Sunday, June 08, 2008

mourning


Last Sunday morning I found my cat Cheesy on my back porch looking very bad. Karl and I rushed him to an emergency vet in Shelton where they told us his odds weren't good. I knew by the way he was looking at me in the car that this was it. It was the first time, in all the dozens upon dozens of horses, cats and dogs my family has had to put down, that I had the courage to be there. I held him during the injection and felt his last struggle (he always hated to be held), then felt his body finally let go.

Karl gave me Cheesy on the day I finished my first professional illustration assignment 11 years ago when we were living in a basement in Lyme. He was with us a long time. Anyone who has been to my house knows he was quite a character.

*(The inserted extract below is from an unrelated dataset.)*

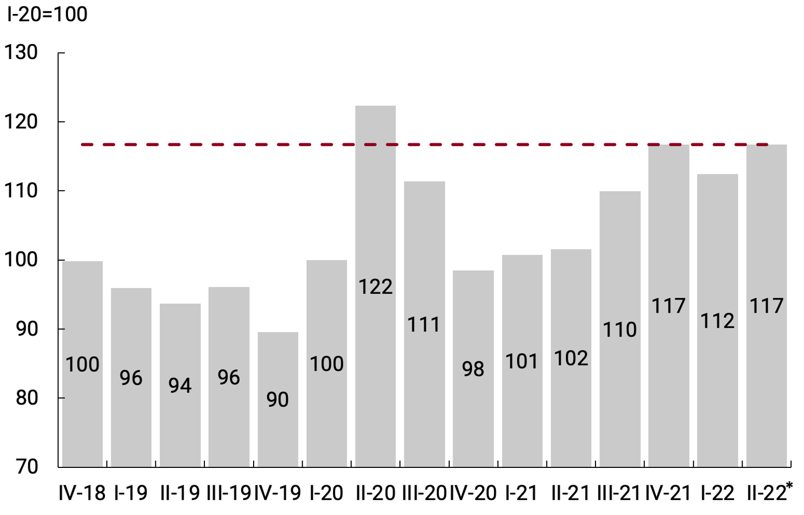 La Tasa de inversión (medida a precios constantes y desestacionalizada) se ubicó en 20,9%, el nivel más alto desde el II-18 y por encima del 17,2% promedio de 2019. La recuperación de la inversión tras el shock provocado por el Covid-19 se explicó fundamentalmente por el aumento del gasto real en Equipamiento durable de producción, que acumuló una suba de 60,5% desde el IV-19 en términos desestacionalizados, representando el 59% de la inversión total en el I-22. La inversión en construcción, por su parte, acumuló un incremento de 16,8% s.e. en el mismo período (ver Gráfico 3.2).

I've still not adjusted to him not being here.

This poem was read in church today.

Curiosity
may have killed the cat; more likely
the cat was just unlucky, or else curious
to see what death was like, having no cause
to go on licking paws, or fathering
litter on litter of kittens, predictably.

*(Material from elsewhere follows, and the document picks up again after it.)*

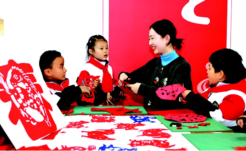 春节临近,我省多地组织开展“非遗进校园 迎新春”主题活动,邀请民间艺人走进校园,传授非遗知识、展示非遗技艺,让学生与幼儿沉浸式感受传统文化魅力,喜迎新春佳节。图为1月29日,在枣庄市市中区红旗小学,美术老师在向学生们传授剪纸技艺。(本报通讯员 孙中喆 陈庆丰 摄)

Nevertheless, to be curious
is dangerous enough. To distrust
what is always said, what seems
to ask odd questions, interfere in dreams,
leave home, smell rats, have hunches
do not endear cats to those doggy circles
where well-smelt baskets, suitable wives, good lunches
are the order of things, and where prevails
much wagging of incurious heads and tails.

Face it. Curiosity
will not cause us to die–
only lack of it will.
Never to want to see
the other side of the hill
or that improbable country
where living is an idyll
(although a probable hell)
would kill us all.

Only the curious have, if they live, a tale
worth telling at all.

Dogs say cats love too much, are irresponsible,
are changeable, marry too many wives,
desert their children, chill all dinner tables
with tales of their nine lives.
Well, they are lucky. Let them be
nine-lived and contradictory,
curious enough to change, prepared to pay
the cat price, which is to die
and die again and again,
each time with no less pain.
A cat minority of one
is all that can be counted on
to tell the truth. And what cats have to tell
on each return from hell
is this: that dying is what the living do,
that dying is what the loving do,
and that dead dogs are those who do not know
that dying is what, to live, each has to do.